Part of Emmys 2025 featuring Adam Randall and Noah Wyle, and Golden Globes 2026 with Paul Thomas Anderson and Wagner Moura.
He grew up on a council estate in Kirkby, Lancashire, and landed Snatch (2000) by keeping a friend company at an audition. Guy Ritchie came out, spotted him in the waiting room, said 'I like your face,' and offered him the part. The actual breakthrough was This Is England (2006), where he played Combo, a radicalized skinhead fresh out of prison. The performance stuck. He reprised Combo across three TV follow-ups. By 2010 he was Al Capone in Boardwalk Empire. When Martin Scorsese wanted Tony Provenzano in The Irishman, he came back to Graham.
Adolescence (2025) was the show that finally got him an Emmy.
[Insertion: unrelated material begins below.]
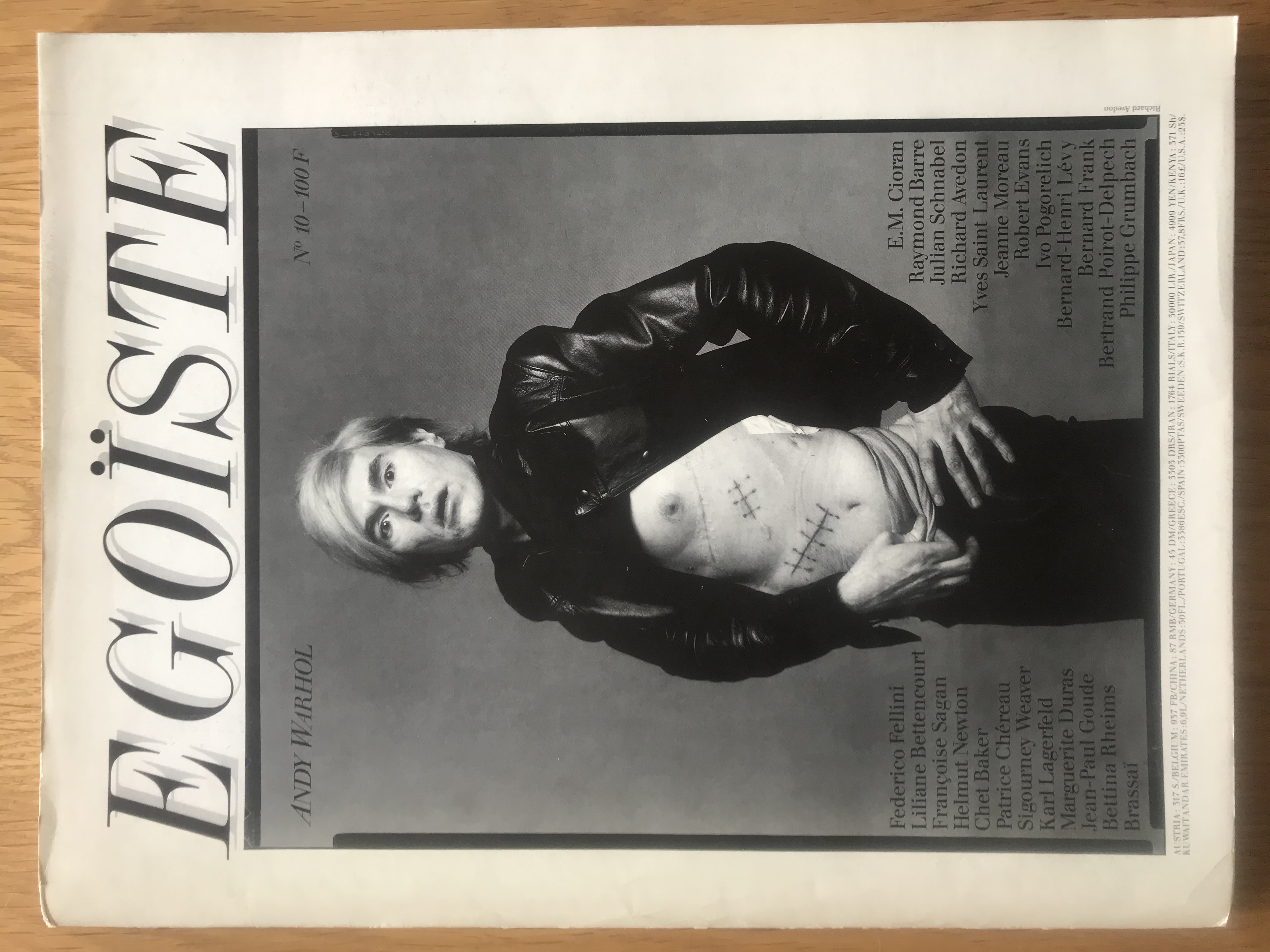 - EGOISTE - "Un égoiste, c' est quelq'un qui ne pense pas à moi" - Uitgever: 'Les éditions Cassini' - Mooie foto's van Warhol en anderen. - 155pp. - 40 x 30 cm - 1987 - Frans. - Andy Warhol: Transcript Of David Bailey's ATV Documentary - Uitgegeven door Givaudon Import Disques - 70pp. - 37 x 29 cm - 1972 - Engels. - INTERIEUR Magazine : February 1989 - 130pp. - 37 x 28 cm - Engels. - ARTSTUDIO nr 8- Special Andy Warhol - 1988 - 150pp. - 27 x 21 cm - Frans. - GRATUIT/DEJA VU 1987 nr 10 - 12pp. - 42 x 29 cm - Frans

He co-created it, co-wrote it, and starred as the father of a 13-year-old charged with stabbing a classmate, a role requiring sustained emotional devastation across four episodes. The show won eight Emmys total, including outstanding limited series. Graham took home best actor and best writing. In his acceptance speech, he described himself as 'just a mixed-race kid from a block of flats in a place called Kirkby,' as if he still couldn't quite believe the room he was in. The industry had stopped being surprised by him years earlier.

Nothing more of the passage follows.